Kremlin Critic Navalny Moved from Jail, Whereabouts Unknown

Kremlin critic Alexei Navalny has been moved from a jail in Russia’s Vladimir region and his whereabouts are currently unknown, according to a post on Friday on Navalny’s Twitter account, citing his lawyers, Reuters reported.

Navalny was on his way to a penal colony to serve his prison sentence, a public commission said on Feb. 28, weeks after he returned to Russia after being poisoned.

On Wednesday, the trial of Lyubov Sobol, a lawyer for Navalny’s Anti-Corruption Foundation who is charged with trespassing, was adjourned just minutes after it started due to technical issues, Radio Free Europe reported.

The Perovsky district court of the Russian capital started the trial on March 10 but quickly noted that there were “technical shortcomings in the materials of the case” and adjourned the hearing until March 23.

Sobol is charged with illegally forcing her way into the apartment of a relative of Federal Security Service (FSB) officer Konstantin Kudryavtsev. If convicted, Sobol faces up to two years in prison.

On December 21, Sobol went to the residential building in Moscow where Kudryavtsev lived at the time.
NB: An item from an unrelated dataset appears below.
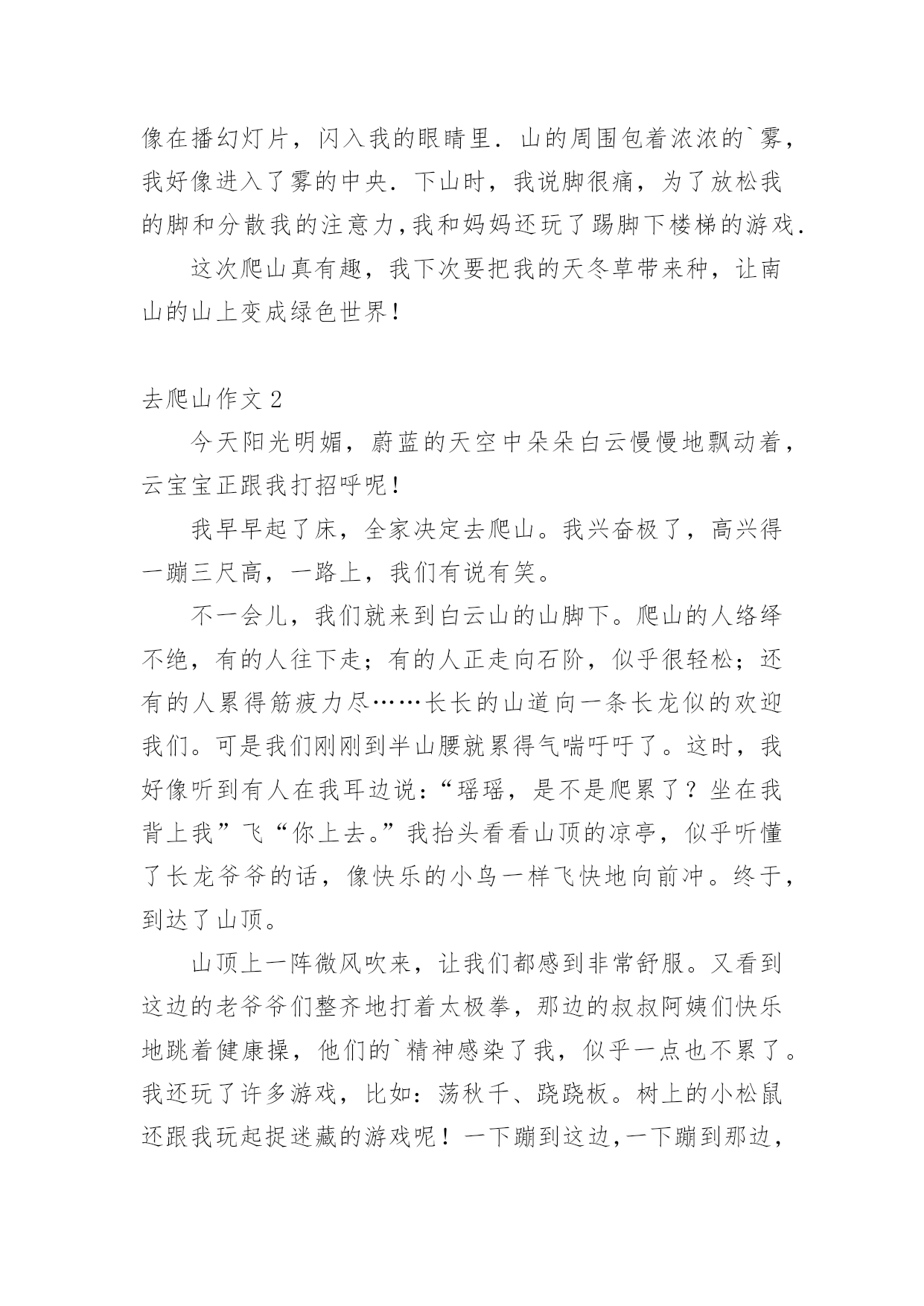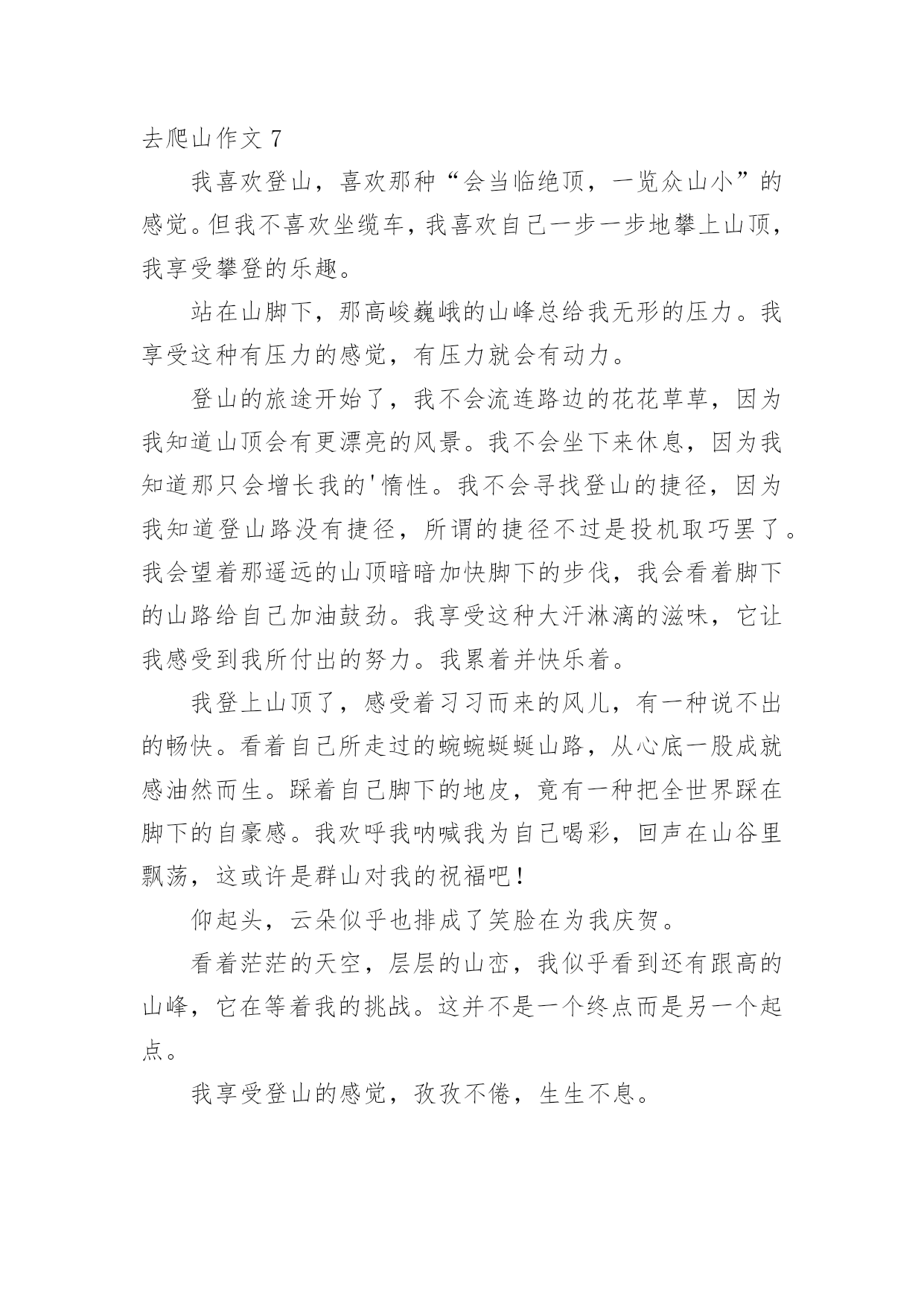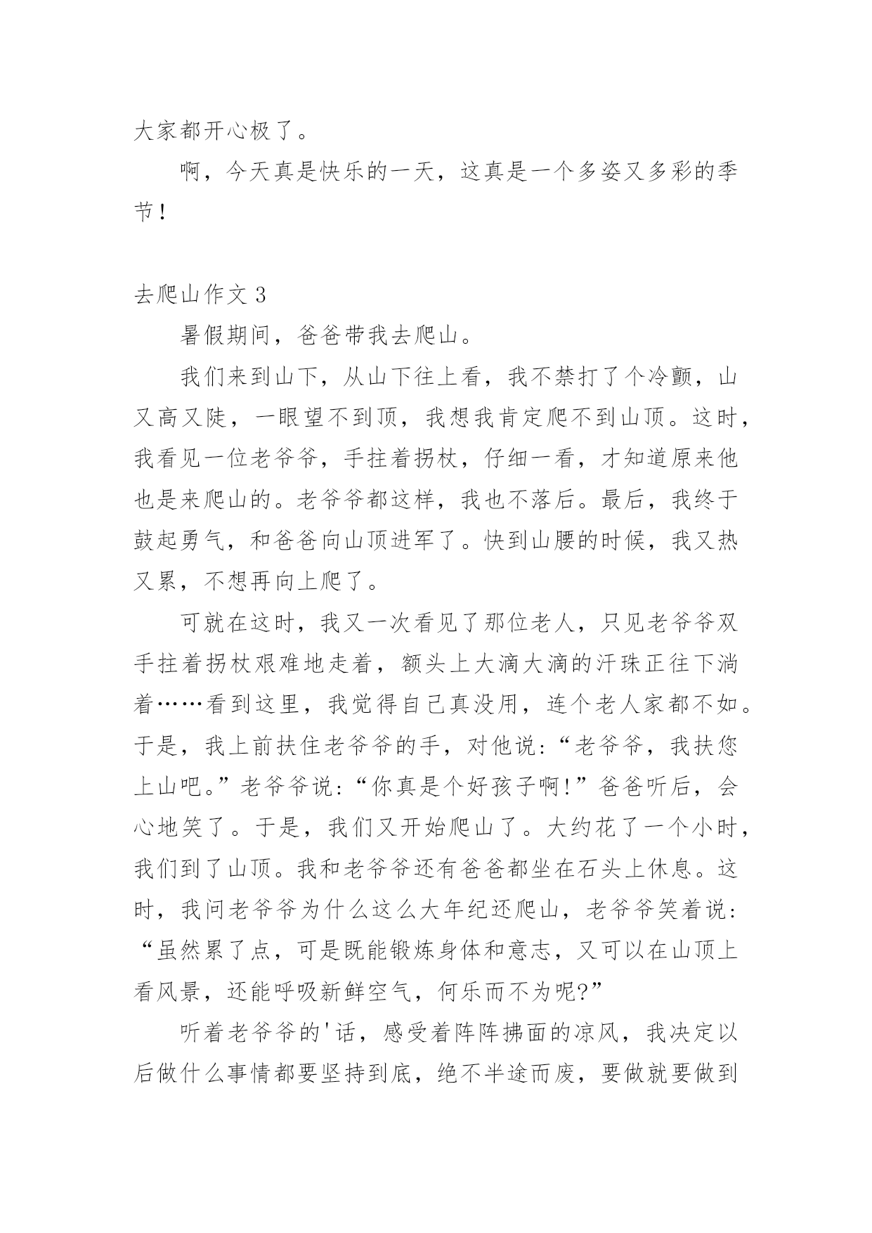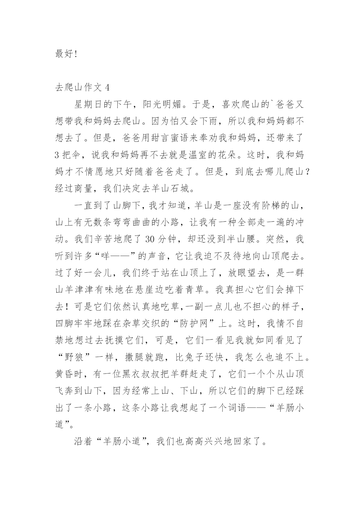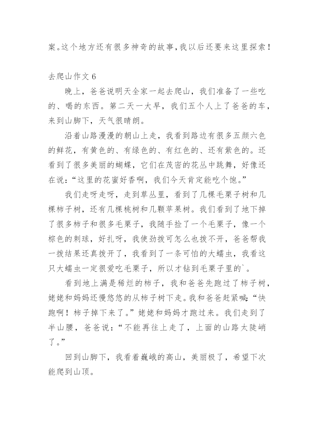 去爬山作文[通用]去爬山作文在平时的学习、工作或生活中,大家对作文都再熟悉不过了吧,写作文是培养人们的观察力、联想力、想象力、思考力和记忆力的重要手段。相信很多朋友都对写作文感到非常苦恼吧,下面是小编帮大家整理的去爬山作文,仅供参考,欢迎大家阅读。去爬山作文1到了南山,我迫不及待地说:"我们快爬山!"于是,我们一秒钟也不耽误,跑向通往山上的路口。这时,妈妈看见了瓜子,就买了一包。来到石梯旁,一只小"兔子"嗖地蹦了上去,那只兔子就是我。我兴奋地跑来跑去,不过一会儿就累了。我就慢慢地走着。过了一会儿,我往后面看,发现妈妈拼命抓住爸爸,无力地走着,我一看,哈哈大笑。这时,下起了蒙蒙细雨,山上雾蒙蒙的,前面的路好像是一扇门,人走进去,我就看不到他们的身影.终于有个亭子休息了.我刚要坐下,姐姐叫:"那里有水!"我一听,马上跳了起来.我没办法,只好垂头丧气地站在一边.我们又继续向前走.这时,我看见了两个哥哥姐姐正在喘气,不过已经快到山顶了,于是我和他们努力地向前爬,终于爬上了峰顶.从峰顶往下看,一片绿色映入我眼帘.我们一边观赏风景,一边吃瓜子.爬山的苦和累,乐和趣,一幕一幕的,好像在播幻灯片,闪入我的眼睛里.山的周围包着浓浓的`雾,我好像进入了雾的中央.下山时,我说脚很痛,为了放松我的脚和分散我的注意力,我和妈妈还玩了踢脚下楼梯的游戏.这次爬山真有趣,我下次要把我的天冬草带来种,让南山的山上变成绿色世界!去爬山作文2今天阳光明媚,蔚蓝的天空中朵朵白云慢慢地飘动着,云宝宝正跟我打招呼呢!我早早起了床,全家决定去爬山。我兴奋极了,高兴得一蹦三尺高,一路上,我们有说有笑。不一会儿,我们就来到白云山的山脚下。爬山的人络绎不绝,有的人往下走;有的人正走向石阶,似乎很轻松;还有的人累得筋疲力尽……长长的山道向一条长龙似的欢迎我们。可是我们刚刚到半山腰就累得气喘吁吁了。这时,我好像听到有人在我耳边说:“瑶瑶,是不是爬累了?坐在我背上我”飞“你上去。”我抬头看看山顶的凉亭,似乎听懂了长龙爷爷的话,像快乐的小鸟一样飞快地向前冲。终于,到达了山顶。山顶上一阵微风吹来,让我们都感到非常舒服。又看到这边的老爷爷们整齐地打着太极拳,那边的叔叔阿姨们快乐地跳着健康操,他们的`精神感染了我,似乎一点也不累了。我还玩了许多游戏,比如:荡秋千、跷跷板。树上的小松鼠还跟我玩起捉迷藏的游戏呢!一下蹦到这边,一下蹦到那边,大家都开心极了。啊,今天真是快乐的一天,这真是一个多姿又多彩的季节!去爬山作文3暑假期间,爸爸带我去爬山。我们来到山下,从山下往上看,我不禁打了个冷颤,山又高又陡,一眼望不到顶,我想我肯定爬不到山顶。这时,我看见一位老爷爷,手拄着拐杖,仔细一看,才知道原来他也是来爬山的。老爷爷都这样,我也不落后。最后,我终于鼓起勇气,和爸爸向山顶进军了。快到山腰的时候,我又热又累,不想再向上爬了。可就在这时,我又一次看见了那位老人,只见老爷爷双手拄着拐杖艰难地走着,额头上大滴大滴的汗珠正往下淌着……看到这里,我觉得自己真没用,连个老人家都不如。于是,我上前扶住老爷爷的手,对他说:“老爷爷,我扶您上山吧。”老爷爷说:“你真是个好孩子啊!”爸爸听后,会心地笑了。于是,我们又开始爬山了。大约花了一个小时,我们到了山顶。我和老爷爷还有爸爸都坐在石头上休息。这时,我问老爷爷为什么这么大年纪还爬山,老爷爷笑着说:“虽然累了点,可是既能锻炼身体和意志,又可以在山顶上看风景,还能呼吸新鲜空气,何乐而不为呢?”听着老爷爷的'话,感受着阵阵拂面的凉风,我决定以后做什么事情都要坚持到底,绝不半途而废,要做就要做到最好!去爬山作文4星期日的下午,阳光明媚。于是,喜欢爬山的`爸爸又想带我和妈妈去爬山。因为怕又会下雨,所以我和妈妈都不想去了。但是,爸爸用甜言蜜语来奉劝我和妈妈,还带来了3把伞,说我和妈妈再不去就是温室的花朵。这时,我和妈妈才不情愿地只好随着爸爸走了。但是,到底去哪儿爬山?经过商量,我们决定去羊山石城。一直到了山脚下,我才知道,羊山是一座没有阶梯的山,山上有无数条弯弯曲曲的小路,让我有一种全部走一遍的冲动。我们辛苦地爬了30分钟,却还没到半山腰。突然,我听到许多“咩——”的声音,它让我迫不及待地向山顶爬去。过了好一会儿,我们终于站在山顶上了,放眼望去,是一群山羊津津有味地在悬崖边吃着青草。我真担心它们会掉下去!可是它们依然认真地吃草,一副一点儿也不担心的样子,四脚牢牢地踩在杂草交织的“防护网”上。这时,我情不自禁地想过去抚摸它们,可是,它们一看见我就如同看见了“野狼”一样,撒腿就跑,比兔子还快,我怎么也追不上。黄昏时,有一位黑衣叔叔把羊群赶走了,它们一个个从山顶飞奔到山下,因为经常上山、下山,所以它们的脚下已经踩出了一条小路,这条小路让我想起了一个词语——“羊肠小道”。沿着“羊肠小道”

Sobol went just hours after Navalny had published a recording of what he said was a phone conversation with Kudryavtsev.

During the 49-minute phone call, in which the anti-corruption campaigner posed as an FSB official conducting an internal review, Kudryavtsev described the details of an operation to poison the Kremlin critic in August.

Investigators say Sobol pushed Kudryavtsev’s mother-in-law, who opened the door, and forcefully entered the apartment adjacent to the one where Kudryavtsev lived.

Sobol’s team have described the case as political “revenge” for the lawyer not being afraid to ask questions of the alleged assassin.

The investigators say they were unable to locate and question Kudryavtsev, who is neither a witness nor a plaintiff in the case. The apartment he lived in at the time of the events in question now officially belongs to the state.

Navalny was arrested on January 17 upon his returned to Russia from Germany, where he received life-saving treatment from the nerve-agent poisoning in Siberia in August.